Monday, October 15, 2007

October 15, 2007

           While outside at 7:10 a.m. this morning, I tried to photograph the dawn. It was still too dark, so I pointed the camera at the security beam and got this rather interesting shot of my motion detector and video camera (look hard, my presence triggered the light). This trailer is by far the most secure and technically advanced unit in the area, but at the same time I have no Internet access. I guess such things depend on one’s priorities.
           Take heart, more interesting things happened today. I didn’t say I’d write about them. There is one item I should tell you about, since you know I am always looking for writing work. I responded to this ad that needs articles written to “introduce” seniors to newer technologies, sort of a “dummies for seniors”. The Florida market must be enormous. Anyway.

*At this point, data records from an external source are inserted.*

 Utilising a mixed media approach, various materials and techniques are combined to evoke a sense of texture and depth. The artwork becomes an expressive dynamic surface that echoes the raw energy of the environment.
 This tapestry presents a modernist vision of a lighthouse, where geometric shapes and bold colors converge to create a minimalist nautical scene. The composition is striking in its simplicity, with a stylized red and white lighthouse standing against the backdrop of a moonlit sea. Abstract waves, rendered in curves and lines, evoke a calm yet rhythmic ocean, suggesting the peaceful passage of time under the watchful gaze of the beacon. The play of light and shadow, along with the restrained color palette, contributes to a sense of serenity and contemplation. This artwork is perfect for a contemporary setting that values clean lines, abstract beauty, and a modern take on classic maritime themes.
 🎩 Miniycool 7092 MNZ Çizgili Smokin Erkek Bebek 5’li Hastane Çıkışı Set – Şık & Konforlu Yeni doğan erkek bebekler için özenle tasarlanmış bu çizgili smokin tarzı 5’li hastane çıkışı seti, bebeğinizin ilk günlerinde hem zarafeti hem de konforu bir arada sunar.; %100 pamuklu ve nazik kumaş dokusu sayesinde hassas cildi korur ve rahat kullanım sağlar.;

           In a departure from local custom, the ad also stated the rate of pay as “$30 per page”, so I had really inquired about their definition of a page. Within the hour I got a reply and it was encouraging. It seems that it is a magazine and any page that contains any word(s) of my material pays $30. If an issue has my words on 5 pages, that’s $150 and that’s also what I wanted to hear. Now to find out the frequency of the issues.

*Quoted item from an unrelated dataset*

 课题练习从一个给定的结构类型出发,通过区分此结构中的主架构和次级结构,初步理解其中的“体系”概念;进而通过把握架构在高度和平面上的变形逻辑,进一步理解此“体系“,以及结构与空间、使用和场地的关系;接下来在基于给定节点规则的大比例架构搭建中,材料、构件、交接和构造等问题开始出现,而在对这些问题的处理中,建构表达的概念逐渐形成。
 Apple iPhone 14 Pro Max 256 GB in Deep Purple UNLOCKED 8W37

           All this happened while I was investigating ebooks. Back in my day, an ebook was something you let people download after paying a fee. It has become a little more involved. There are two formats, an exe file, which is more flexible but people hesitate to download, and a pdf file, which reads on every machine but requires software. The sites I visited also spoke of an ebook reader. This is apparently like a small screen that sells in the $40 range displays the pages of the ebook you are reading. I will look into this, as I have never seen such a beast.

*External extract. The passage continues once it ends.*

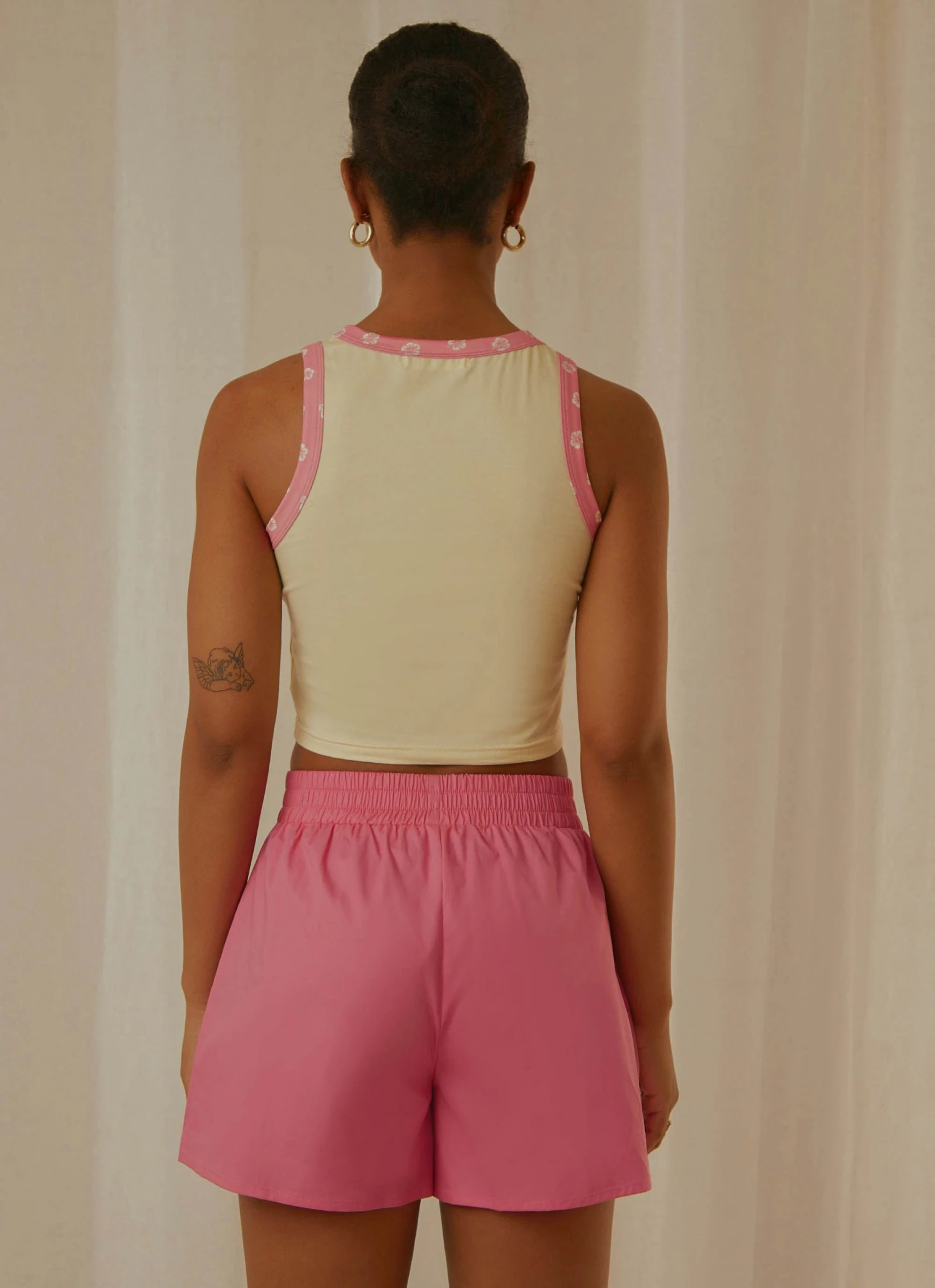 We’re feeling all the summer vaycay vibes in the Lankai Traveller Crop! We love this paired with Our Electric Avenue pants and platform sandals.
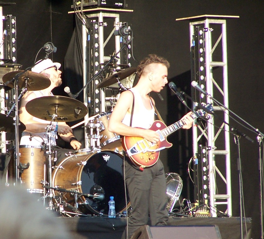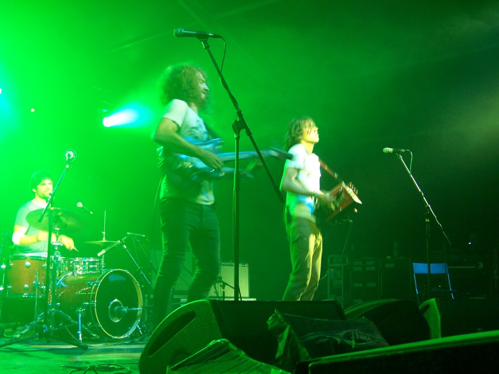 Asaf Avidan (Izrael) – písničkář z množiny nejuznávanějších světových folkrockerů, muž který umí posluchače rozdělit v názoru na svůj výjimečný hlas. Podle mého znějící, jak když se zkříží pozdní Dylan se svým skřehotavým, zraněným tónem, s někým jako třeba John Mellencamp, což mu umožní zpívat o oktávu a půl výš… Přes svůj původ hraje klasický anglosaský folkrock; zpestřujících blízkovýchodních „hadů“ jsem si v jeho aranžích všiml asi jednou nebo dvakrát. Doprovodnou kapelu tvořil baskytarista, bubeník a dvě klávesistky (jedna hrála i na perkuse.) Moc příjemně strávený podvečerní čas.

           You compose the book, then you compile it into an ebook. There are various marketing techniques, which include giving the book away to draw traffic to your web page, right up to allowing the reader to browse the first few paragraphs, then requiring the purchase of a password to continue. These passwords are owned by the ebook distributor, not the author, and restricts people sharing a given book. Gotta love that. Also, the distributor acts as a virtual bookstore which collects the money and sends you your share. Gotta hate that.
           One could have a private web page to market the ebooks. That gets expensive and from what I’ve seen, you need a lot of books to draw people in. Titles in the thousands, so it seems to me most ebook stores must be selling other people’s books in addition to their own. Of the two routes, I think I’ll try joining one of the existing stores. Most ebooks appear to be in the 25-40 page range, just a few days work for me.
           I have several hundred pages of information to assimilate [concerning these ebooks]. As usual, it will become child’s play if I decide to pursue it. For all I’ve said about never returning to the Doggie Wig place, I’m heading over there at 11:00 a.m. tomorrow, due to a plaintive request to get the last order into inventory and to place another order. I will not listen to sales, answer phones or take pictures if I can help it. It seems I was not all that easy to replace, yet any reasonably competent person should be able to go in there and figure out my system in a few hours. I can only imagine the situation over there after an entire month.
           Let me fire off the first few articles to the magazine to test the water. If it goes, I promise to take the first $30 and go to a nice restaurant or on an extra trip nearby, and of course, report the details back to you. Have not been to a restaurant since Wallace treated back in April or so. Maybe I’ll go have a meal in these much-touted gambling dens nearby.